Problem statement:
Character for character, transcribe the entries below, minus the images.

==============================

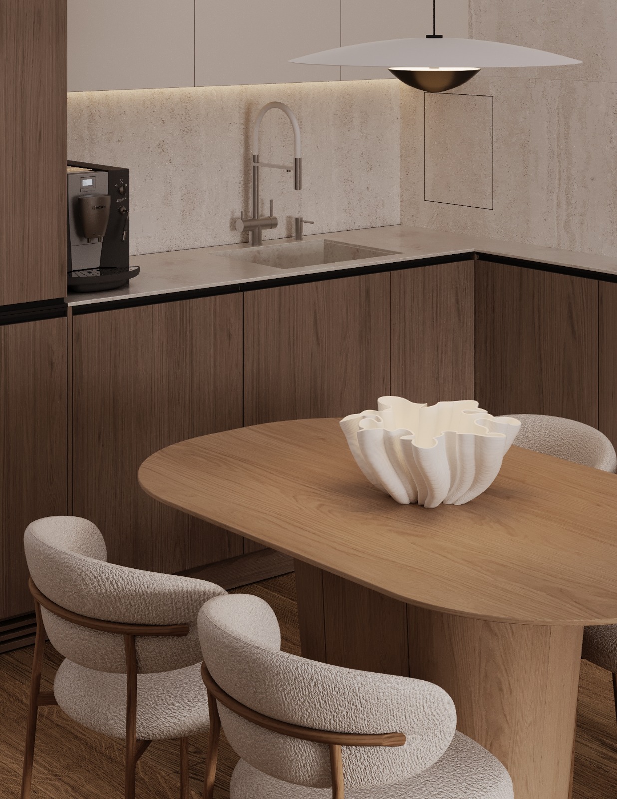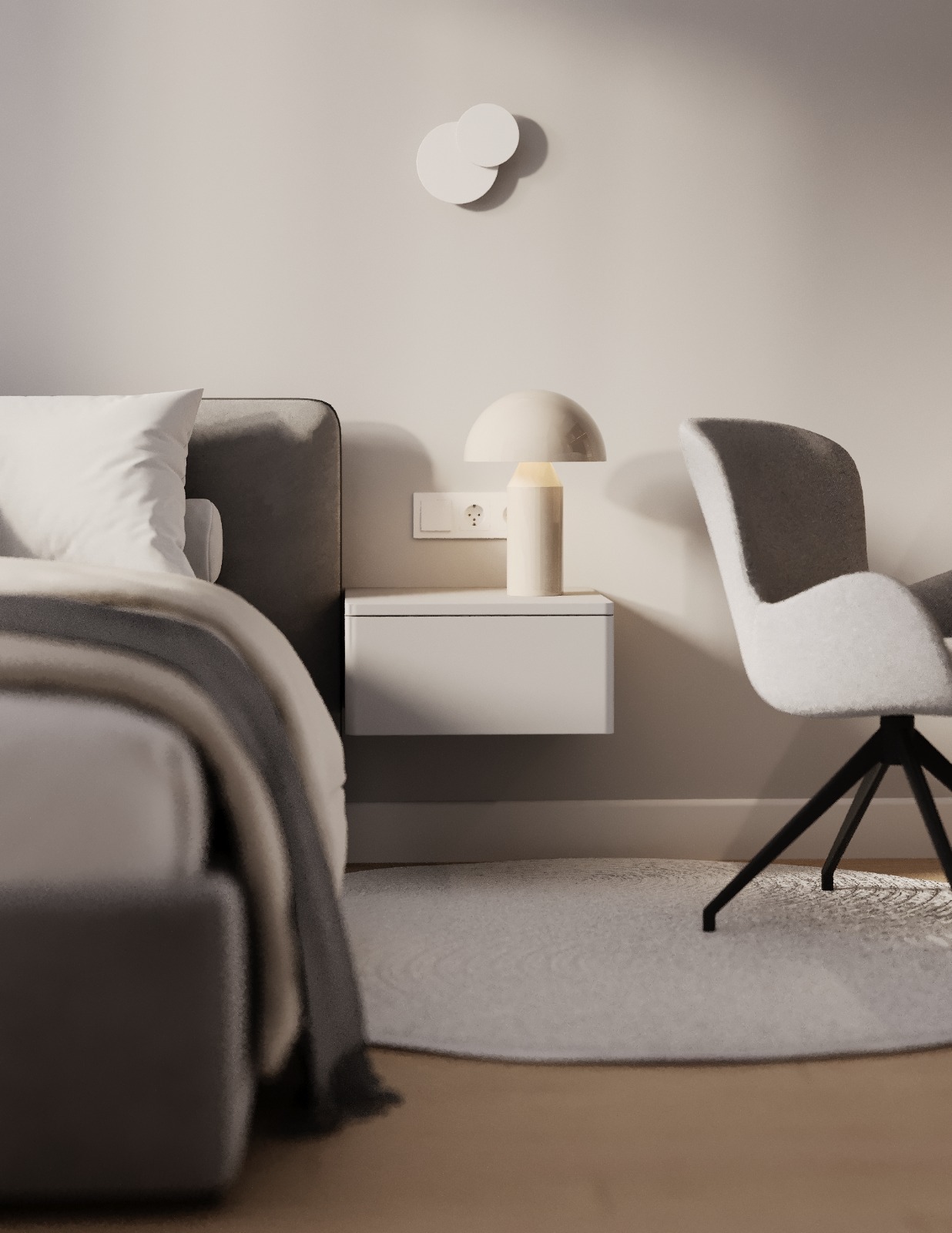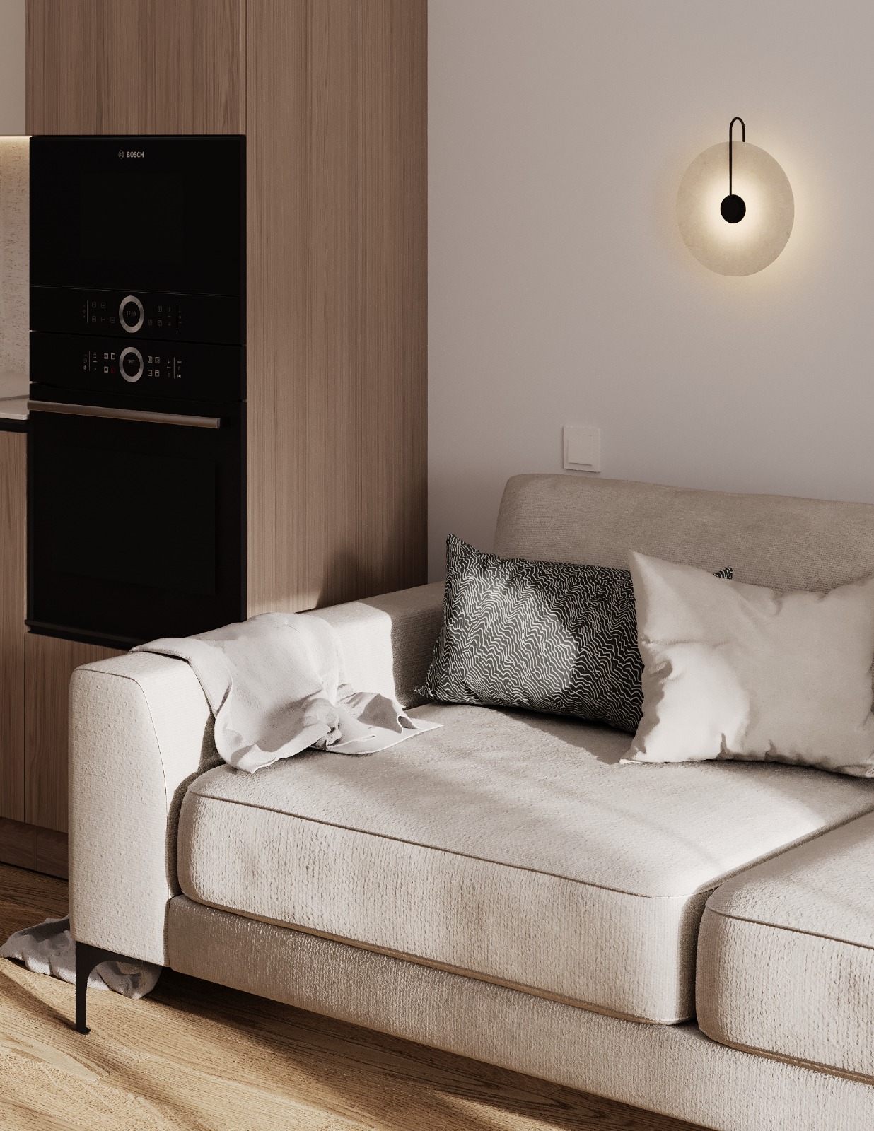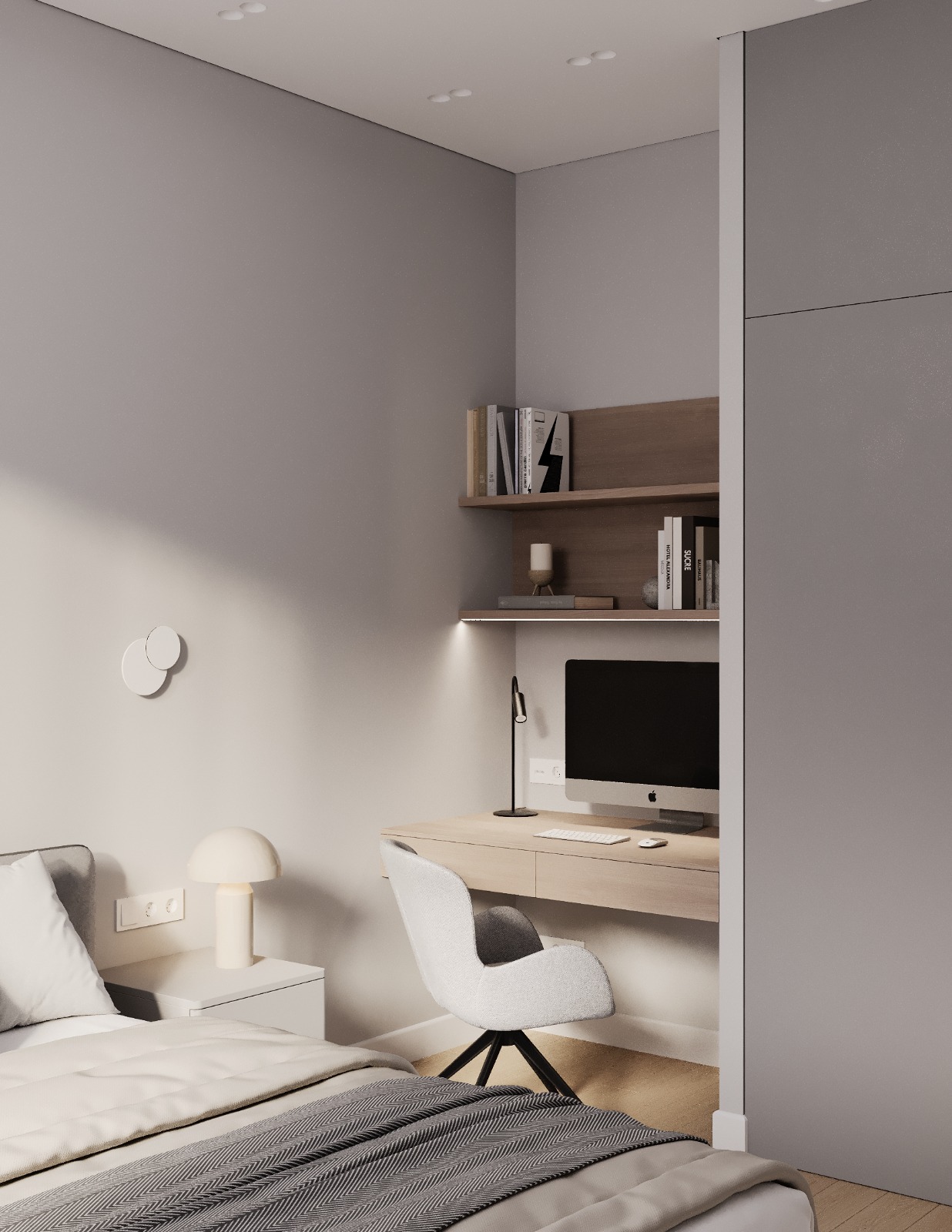 Проект интерьера для семейной пары с дочерью-студенткой выполнен в теплой минималистичной эстетике. Светлая нейтральная палитра, натуральные текстуры и лаконичные формы создают спокойное, гармоничное пространство для жизни и отдыха. В основе функциональность, продуманное зонирование и уют без визуального перегруза.
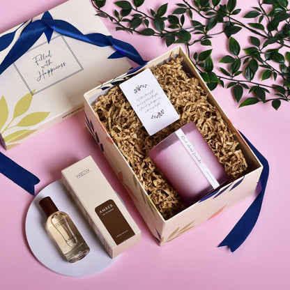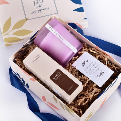 Combo: Divine Aroma Gift Box - Amber Perfume & Lavender Candle | 30ml & 250gm | Elegant Gift Set
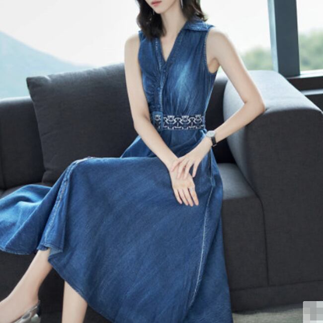 ワンピース ロング丈 デニムワンピース Vネック ノースリーブ ウエストベルト フロントボタン フレア 上品 ジーンズ カジュアル 大人 夏
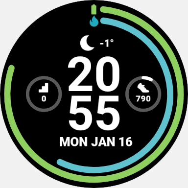 - Live watch battery indicator around the watch circumference
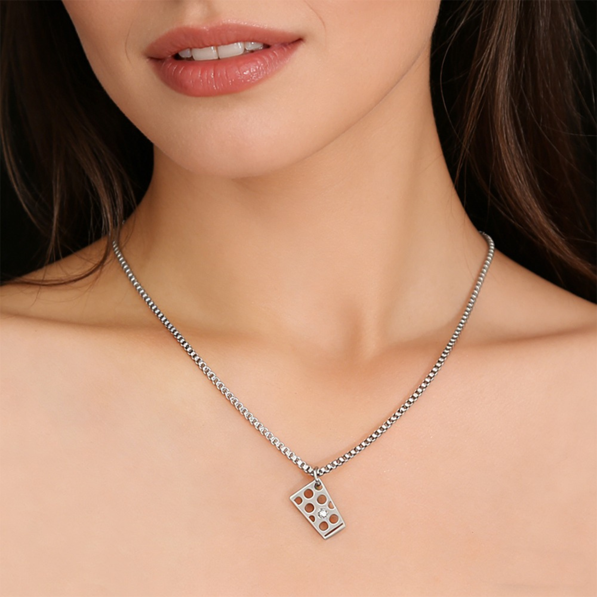 Dubbeglas Halskette mit Zirkon aus Edelstahl
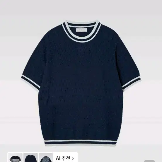 번개[애프터프레이] 자카드 스트라이프 립 크루넥 하프 니트 네이비
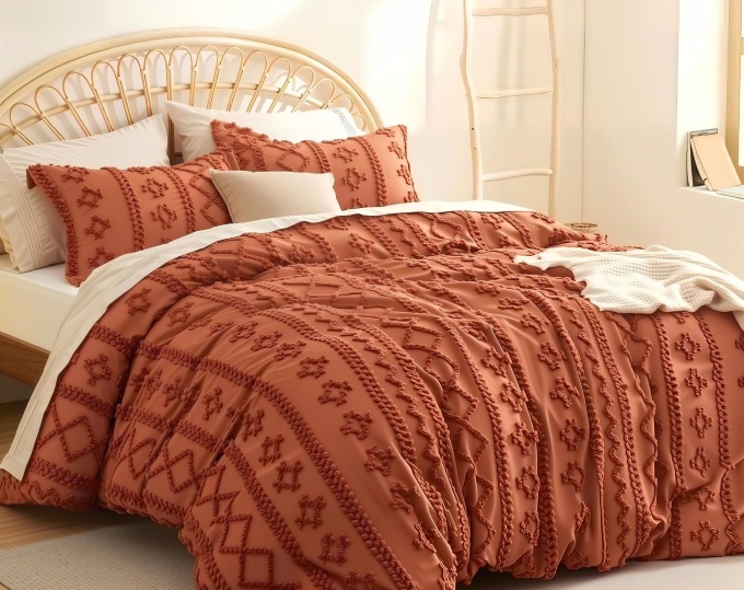 波西米亚之春件套灵感源自波西米亚异域美学,几何立体纹样与精致刺绣交织,为卧室注入浪漫高级氛围,化身治愈休憩秘境。甄选优质涤纶簇绒面料,触感如云般轻柔蓬松,透气性出色,肌肤尽享温柔包裹的舒适。高品质超细纤维搭配专业锁色工艺,色彩鲜亮、尺寸稳定,久用如新。
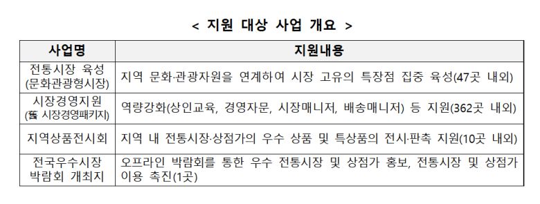 12일 중기부에 따르면 이번 공고는 '전통시장 및 상점가 육성을 위한 특별법' 제2조에 따른 전통시장, 상점가, 골목형상점가 등을 대상으로 문화관광형시장, 시장경영지원(옛 시장경영패키지), 지역상품전시회, 전국우수시장박람회 개최지 등 총 4개 사업에 대해 모집한다.
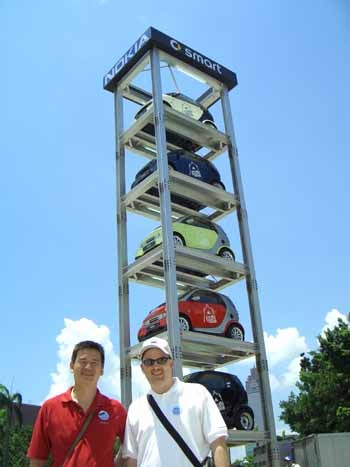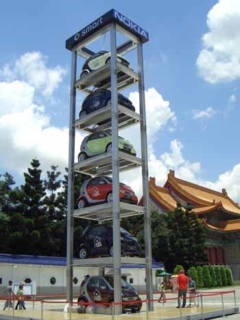 一向主張年輕創新的smart品牌,除了提供一部fortwo做為活動壓軸─抽獎活動的大獎,另外並將於現場搭建自從smart品牌推出之後即引起全球車迷及建築與設計界熱烈討論的smart車塔!首度出現在台北的smart車塔,是smart獨特濃厚的藝術及設計色彩之品牌精神的體現!這一座高14公尺、重13公噸、並載負六部fortwo的金屬車塔創造了一個獨特的創意境界,提供車迷高度的想像空間與生活趣味!車塔聳立於中正紀念堂大中至正門口,歡迎車迷前來熱鬧觀賞!
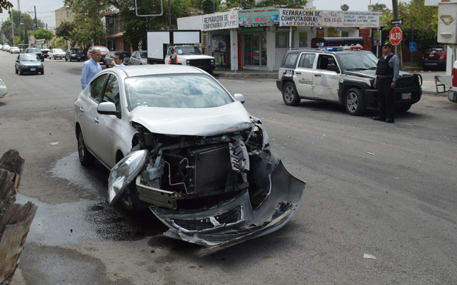 Simpatizante del Partido Acción Nacional se desplazaba abordo de su Nissan Versa, cuando omitió un señalamiento de alto a la altura del 13 Aldama y se estrelló contra el microbús que circulaba con preferencia
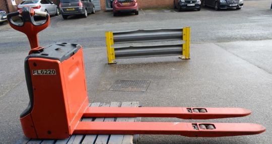 Product Description (for guidance only): The T20 pallet truck has a particularly rugged construction. For example, tiller and motor cover are made of fiberglass-reinforced materials and can work reliably and continuous for a long time, maneuvering, order picking, and transporting. The low chassis provides more safety. It covers all of the wheels so the user's feet do not come into contact with them. The tiller is mounted at a very low point on the truck. The operator is therefore at a safe distance from the pallet truck with the tiller folded down.
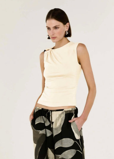The Blair Cream Ruched Slinky Tank is a refined essential designed to elevate everyday looks. Crafted from a soft stretch jersey, this sleeveless s...
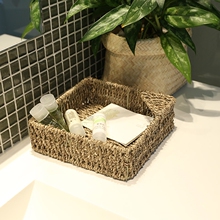 KENS 草编桌面收纳盒 正方形纸巾盒 浴室用品收纳盘 杂物筐
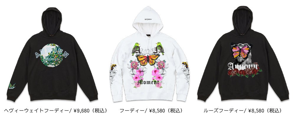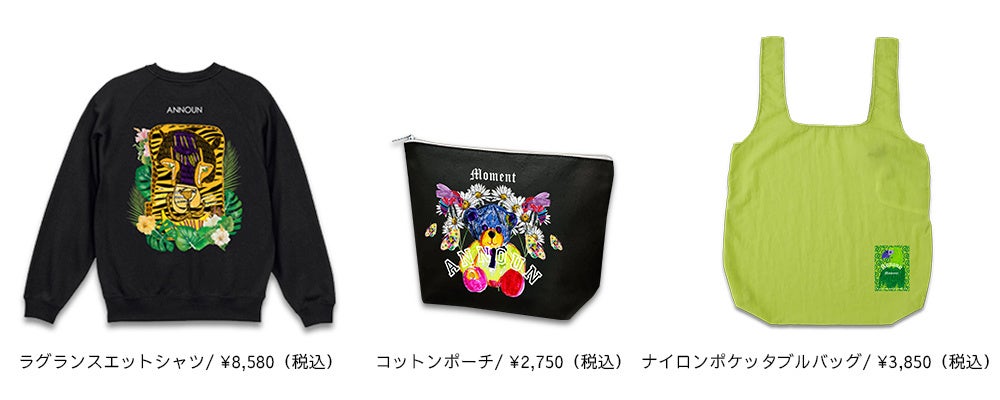 自然や動物をモチーフに個性あふれる原画を描き、ガーデンに蝶々や鳥が飛んでいる風景をイメージしたグラフィック、ANNOUN定番のベアモチーフのグラフィックアイテム、とても暖かいヘヴィーウエイト裏起毛素材パーカー、MA−1を制作。ランチバッグや買い物袋など小物アイテムも充実したラインナップになっており、どれもが高いクオリティーを目指し作り出すANNOUNプロダクトの新作となっております。

==============================

Solution to the problem:
 Проект интерьера для семейной пары с дочерью-студенткой выполнен в теплой минималистичной эстетике. Светлая нейтральная палитра, натуральные текстуры и лаконичные формы создают спокойное, гармоничное пространство для жизни и отдыха. В основе функциональность, продуманное зонирование и уют без визуального перегруза.
 Combo: Divine Aroma Gift Box - Amber Perfume & Lavender Candle | 30ml & 250gm | Elegant Gift Set
 ワンピース ロング丈 デニムワンピース Vネック ノースリーブ ウエストベルト フロントボタン フレア 上品 ジーンズ カジュアル 大人 夏
 - Live watch battery indicator around the watch circumference
 Dubbeglas Halskette mit Zirkon aus Edelstahl
 번개[애프터프레이] 자카드 스트라이프 립 크루넥 하프 니트 네이비
 波西米亚之春件套灵感源自波西米亚异域美学,几何立体纹样与精致刺绣交织,为卧室注入浪漫高级氛围,化身治愈休憩秘境。甄选优质涤纶簇绒面料,触感如云般轻柔蓬松,透气性出色,肌肤尽享温柔包裹的舒适。高品质超细纤维搭配专业锁色工艺,色彩鲜亮、尺寸稳定,久用如新。
 12일 중기부에 따르면 이번 공고는 '전통시장 및 상점가 육성을 위한 특별법' 제2조에 따른 전통시장, 상점가, 골목형상점가 등을 대상으로 문화관광형시장, 시장경영지원(옛 시장경영패키지), 지역상품전시회, 전국우수시장박람회 개최지 등 총 4개 사업에 대해 모집한다.
 一向主張年輕創新的smart品牌,除了提供一部fortwo做為活動壓軸─抽獎活動的大獎,另外並將於現場搭建自從smart品牌推出之後即引起全球車迷及建築與設計界熱烈討論的smart車塔!首度出現在台北的smart車塔,是smart獨特濃厚的藝術及設計色彩之品牌精神的體現!這一座高14公尺、重13公噸、並載負六部fortwo的金屬車塔創造了一個獨特的創意境界,提供車迷高度的想像空間與生活趣味!車塔聳立於中正紀念堂大中至正門口,歡迎車迷前來熱鬧觀賞!
 Simpatizante del Partido Acción Nacional se desplazaba abordo de su Nissan Versa, cuando omitió un señalamiento de alto a la altura del 13 Aldama y se estrelló contra el microbús que circulaba con preferencia
 Product Description (for guidance only): The T20 pallet truck has a particularly rugged construction. For example, tiller and motor cover are made of fiberglass-reinforced materials and can work reliably and continuous for a long time, maneuvering, order picking, and transporting. The low chassis provides more safety. It covers all of the wheels so the user's feet do not come into contact with them. The tiller is mounted at a very low point on the truck. The operator is therefore at a safe distance from the pallet truck with the tiller folded down.
The Blair Cream Ruched Slinky Tank is a refined essential designed to elevate everyday looks. Crafted from a soft stretch jersey, this sleeveless s...
 KENS 草编桌面收纳盒 正方形纸巾盒 浴室用品收纳盘 杂物筐
 自然や動物をモチーフに個性あふれる原画を描き、ガーデンに蝶々や鳥が飛んでいる風景をイメージしたグラフィック、ANNOUN定番のベアモチーフのグラフィックアイテム、とても暖かいヘヴィーウエイト裏起毛素材パーカー、MA−1を制作。ランチバッグや買い物袋など小物アイテムも充実したラインナップになっており、どれもが高いクオリティーを目指し作り出すANNOUNプロダクトの新作となっております。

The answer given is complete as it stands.